Le projet d’avion de chasse fut alors remanié et renommé D551. L’envergure fut augmentée, la capacité du réservoir accrue, tandis que le pare-brise était redessiné. Le poids maximum du D551 au décollage était estimé légèrement inférieur à 2 200 kg. Sa vitesse en palier devait être comprise entre 650 et 680 km/h et le temps de montée à 4 000 m, décollage compris, ne devait pas excéder 3 min 50 sec.

La structure du D551 retenait toutes les simplifications de fabrications déjà apportées au D550, tandis que l’armement retenu était remplacé par 5 mitrailleuses, dont une dans l’axe de l’hélice. Les services officiels envisagèrent de modifier deux des D551 en commande pour les rendre conformes aux exigences du programme C1 du 11 septembre 1939 : 1 canon sur le moteur et 6 mitrailleuses de voilures, 410 l de capacité réservoir, moteur de 1 300 ch.

Les premiers D551 prirent forme à la fin de l’hiver 1939-1940. L’avion prototype devait passer à la « piste » début mai sous réserve que les moteurs 12Y51 soient livré. En fait, fin mai, cinq avions étaient pratiquement terminés mais attendaient leur moteur. Fin juin, trois avions les avaient enfin reçus et étaient sur le point de commencer les essais en vol. L’armistice survint toutefois avant que le prototype n’ait pu effectuer son premier vol.

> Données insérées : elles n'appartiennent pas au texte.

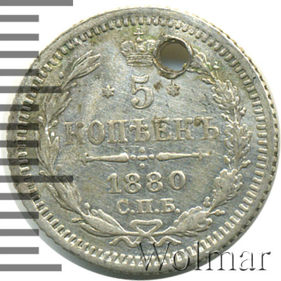 В центре указан номинал - «5», ограниченный с обеих сторон шестиконечными звездочками. Над цифрой – Корона Российской империи. Под цифрой номинала — слово "КОПЕЕК". Ниже, расположен декоративный разделитель в виде двух разнонаправленных фигурных линий и стилизованным из точек крестом между ними. Под разделителем — дата выпуска монеты «1880». Под цифрой даты — обозначение монетного двора «С.П.Б.». Вдоль канта, не доходя до короны, изображен венок из лавровой и дубовой ветви, которые, в нижней части, перевязаны лентой на узел бантом. По окружности канта имеются рельефные элементы, выполненные в виде зубцов.

Tous les travaux furent stoppés et les seize avions officiellement en commande furent bloqués dans l’état où ils étaient comme « prises de guerre ». Toutes les tentatives pour cacher les deux exemplaires excédentaires échouèrent. Ils furent transformés en avions de sport et rebaptisés hâtivement D560. Transférés à Saint-Martin-du-Touch en janvier 1941 pour un premier vol, la commission d’armistice leur interdira de prendre l’air. Les D560 seront ferraillés avec le reste de la production de D551.

Émile Dewoitine

Ingénieur en aéronautique, Émile Dewoitine a été affecté en octobre 1917 aux établissements Latécoère à Toulouse afin de diriger une chaîne de fabrication de 1000 avions de reconnaissance Salmson. Démobilisé et ayant ses propres projets, il quitte Latécoère en 1920 et crée un bureau d’études, la Société des avions Dewoitine.

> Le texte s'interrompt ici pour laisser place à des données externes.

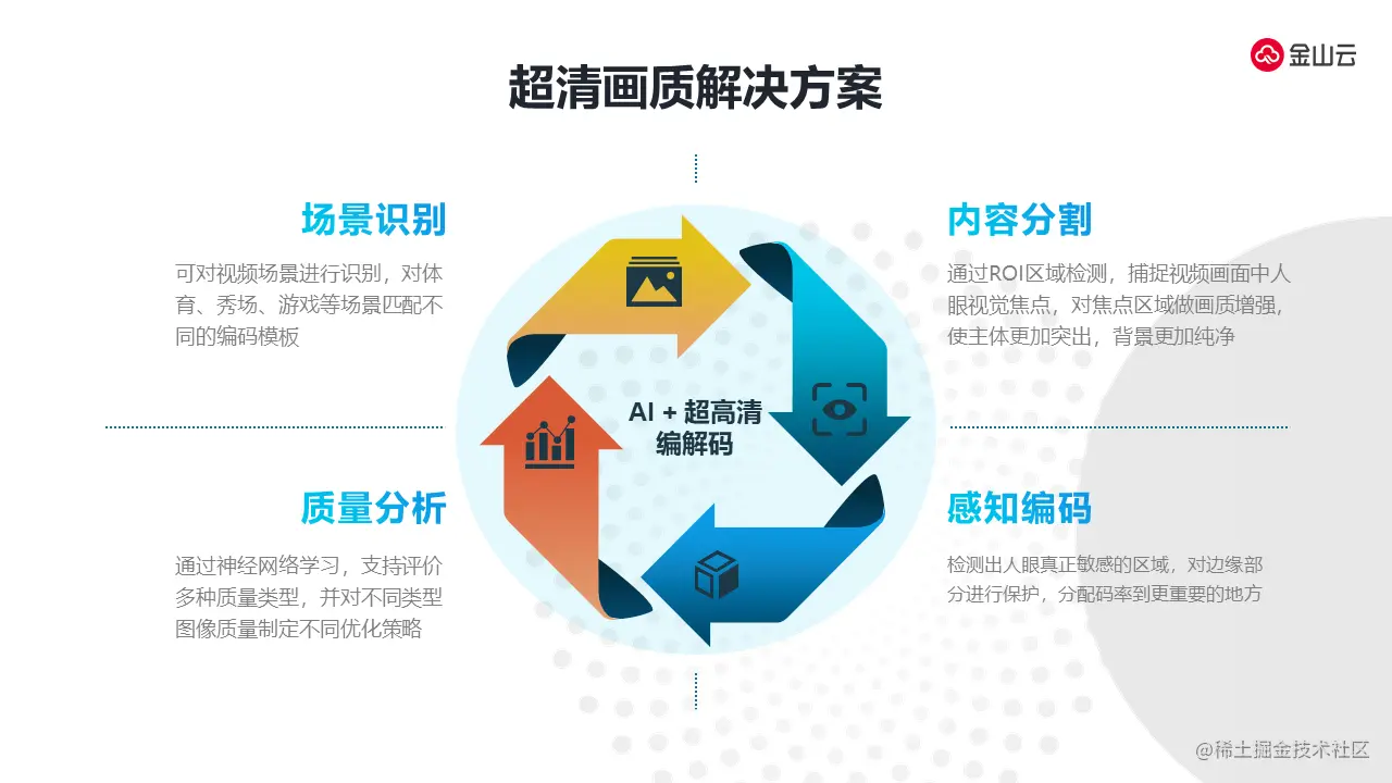 上图是在AI能力的加持下,AI加超高清编解码的解决方案。通过AI我们可以实现以上四个大的提升。第一个是场景识别,可以对视频场景进行识别,对体育、秀场、游戏等不同的场景进行匹配,对不同的场景运用不同的编码模板达到最优的编码应用。第二个是内容分割,通过ROI的分割,利用AI技术可以识别视频中的人眼关注的区域如嘴唇,更多会对这些重点区域进行视频增强,使主观的效果更加优秀,让主体更加突出,让背景看起来更纯净。第三个是质量分析,通过神经学习,金山云支持多重的评价质量类型包括KPA(图像视频感知评价体系)的质量分析和VMAF分析,这些分析可以对不同的视频进行质量的判定,比如对于高清的视频可以应用更激进的编码参数,对于低清的视频,可能会进行一个更好的修复,让整体效果更加优秀,视频质量进一步提升。第四个是感知编码,我们可以检测出人眼最关注的区域比如人眼对边缘的区域非常关注,会在边缘地方分配更多的码率进行编码。这四大块是通过AI加编解码的能力达到融合,使编码更加高效,分配码率更加合理,提高整个画质,降低传输码率。

Il conçoit dès l’année suivante un avion de chasse, le D.1, qui se révèle techniquement novateur par bien des aspects : construction alliant l’acier et l’aluminium et excluant le bois, structure d’aile monolongeron, formule monoplane, revêtement travaillant, c’est-à-dire participant aux efforts de rigidité de l’ensemble.

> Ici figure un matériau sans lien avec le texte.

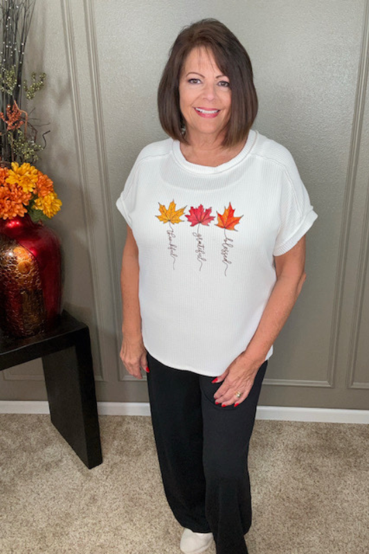 - Details: Round neckline, ribbed fabric, side slit, seam detail, butter soft feel, relaxed look, 2 inches longer in the back, drop shoulder, short sleeve, FALL LEAVES: Thankful, Grateful, Blessed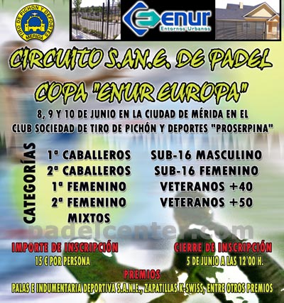 (España, 11/6/2007, Claudio Bobadilla para Padelcenter.com) El pasado fin de semana se realizó en las instalaciones del Club Tiro de Pichón y Deportes Proserpina de Mérida, el Primer CIRCUITO S.A.N.E. COPA ENUR EUROPA.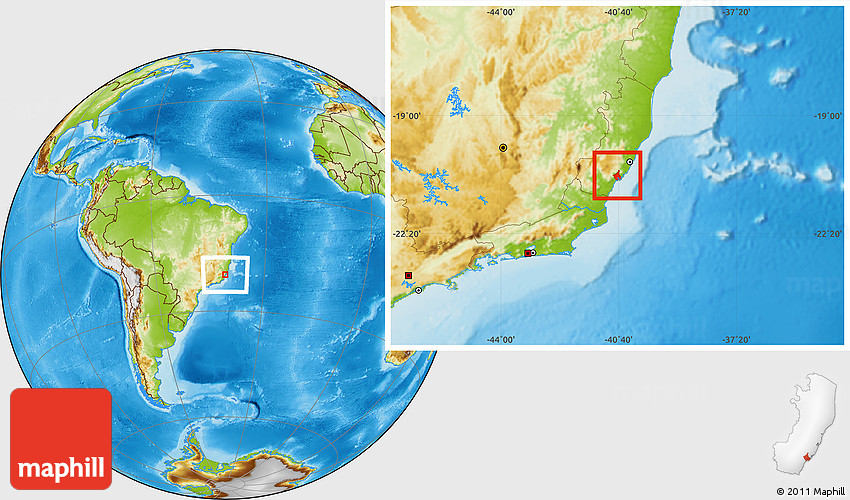 Maphill is a collection of map images. This image combines a physical map with the globe centered on Anchieta. Use the buttons under the image to switch to different map types.

Émile Dewoitine est surtout connu pour être le père d’une grande lignée d’avions de chasse. Le chasseur est l’archétype de l’avion rapide, maniable et racé : réussir un appareil de ce type est un défi pour tout constructeur désireux d’être à la pointe de l’aéronautique. Sûr de ses conceptions, Dewoitine améliore constamment ses modèles. Parmi ceux-ci le Dewoitine 551, version améliorée du D520, sera la quintessence de son savoir-faire aéronautique et reste à ce jour la pierre angulaire de l’aviation moderne.